In two days, at least 28 people were killed in the town, five kilometres south of Sidon, police and civil defence officials said.

The 14th person was killed Tuesday in an air strike in Rzoum, near Tyre and about 35 kilometres south of Sidon.

Since the fighting began, at least 684 people have died on the Lebanese side of the conflict. The Israeli toll stood at 100 killed — 36 civilians and 64 soldiers.

The United Nations suspended attempts to send relief to southern Lebanon because of heavy shelling in the area, said Christian Berthiaume of the World Food Program in Geneva, Switzerland, though aid shipments were arriving elsewhere in the country.

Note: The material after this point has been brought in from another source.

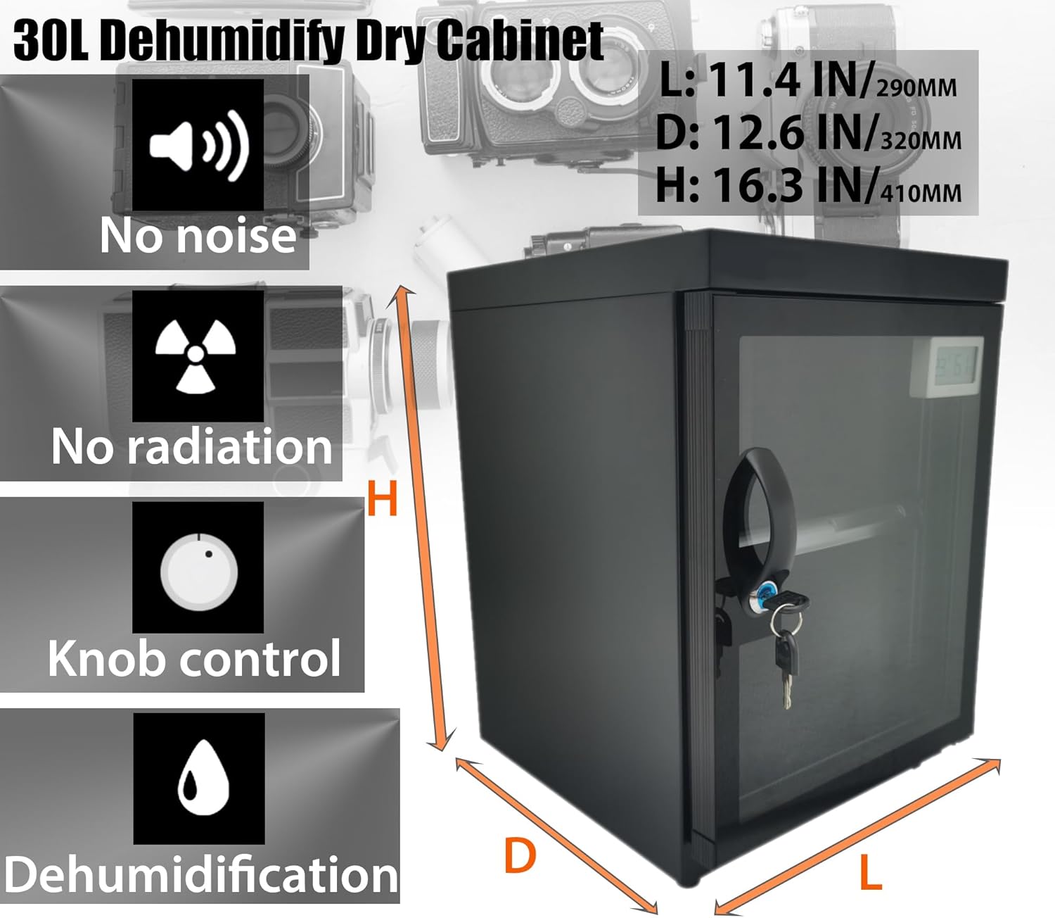 Features๐Camera lens dry cabinet 30l -Adopting the latest TE cooling chip design, it can quickly drive moisture and take effect within 1-3 hours -The humidity range is RH 25% -60% -No compression engine, no fan, no noise, no thermal effect. This cord adopts DC input, with low power consumption, energy saving, and no leakage risk -Prevent potential risks of high-pressure leakage or fire in stored items -Moisture-proof, rust-proof, deterioration-proof, dustproof, a lower cost storage method Be Careful -Do not place any corrosive, hazardous, volatile, or flammable materials inside; When storing food, drugs, or chemicals, please seal and store them separately to avoid leakage -Any odor and chemical vapor can contaminate other stored items and damage the drying machine -Do not disassemble the controller by yourself to avoid damage or danger -Please regularly check if the displayed humidity value (about 10 days) is within the ideal range. If not, please check the set value.๐บ๐ท๐ฌ๐ช๐ฐ๐ญ๐ฐ๐ช๐จ๐ป๐ฐ๐ถ๐ต๐บ: Volume: 30L Machine Material: cold-roll steel sheets/tempered glass door Size: 11.4ร12.5ร16.3in Control range of wet: 30%-60%RH Power: <8W Weight: 8.4kg/18.5lbs๐ท๐๐๐๐๐๐ ๐ช๐๐๐๐๐๐: 1 x Camera Dry Cabinet 30L

“The Israeli forces were warning today, saying that there shouldn’t be any vehicles in the southern part of Lebanon,” said “They had exempted humanitarian convoys (but) we decided not to go because there has been heavy shelling the last 24 hours.” The WFP and other UN relief agencies said they were frustrated over the difficulty of moving aid into Lebanon, and said what they had brought in so far was insufficient.

“There are two words that sum up where the humanitarian situation is, and these are ‘not enough,”’ said Wivina Belmonte of the UN Children’s Fund. “Fuel supplies are not enough, hospitals are on life support, supplies of humanitarian goods trying to get into the country are not enough.”